WORK ORDER
Pictures excluded, output the lines of the data below between the one holding "The software reads files" and the one holding "символы не поддерживаются.*", inclusive, exactly as they stand.

===== DATA UNDER STUDY

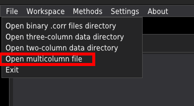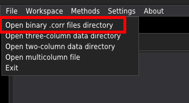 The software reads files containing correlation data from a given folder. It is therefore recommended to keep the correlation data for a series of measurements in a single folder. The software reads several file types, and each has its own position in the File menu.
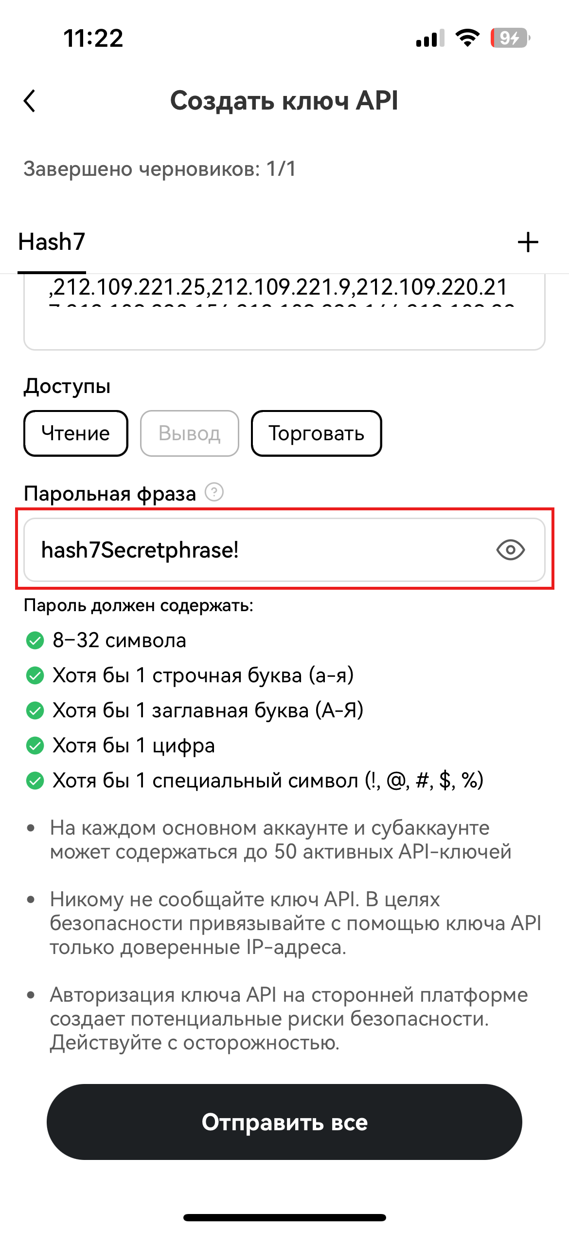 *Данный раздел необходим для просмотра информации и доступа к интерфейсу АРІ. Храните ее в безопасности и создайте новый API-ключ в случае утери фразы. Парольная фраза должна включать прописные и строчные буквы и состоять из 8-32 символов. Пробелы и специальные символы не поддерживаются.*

==========
===== DATA UNDER STUDY

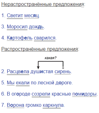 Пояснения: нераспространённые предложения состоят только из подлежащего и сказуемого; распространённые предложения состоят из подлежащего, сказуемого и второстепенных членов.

==========
===== DATA UNDER STUDY

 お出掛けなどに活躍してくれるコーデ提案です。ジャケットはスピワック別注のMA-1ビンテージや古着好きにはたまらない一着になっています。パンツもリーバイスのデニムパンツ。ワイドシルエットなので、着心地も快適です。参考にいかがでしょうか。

==========

EXERCISE SOLUTION
 The software reads files containing correlation data from a given folder. It is therefore recommended to keep the correlation data for a series of measurements in a single folder. The software reads several file types, and each has its own position in the File menu.
 *Данный раздел необходим для просмотра информации и доступа к интерфейсу АРІ. Храните ее в безопасности и создайте новый API-ключ в случае утери фразы. Парольная фраза должна включать прописные и строчные буквы и состоять из 8-32 символов. Пробелы и специальные символы не поддерживаются.*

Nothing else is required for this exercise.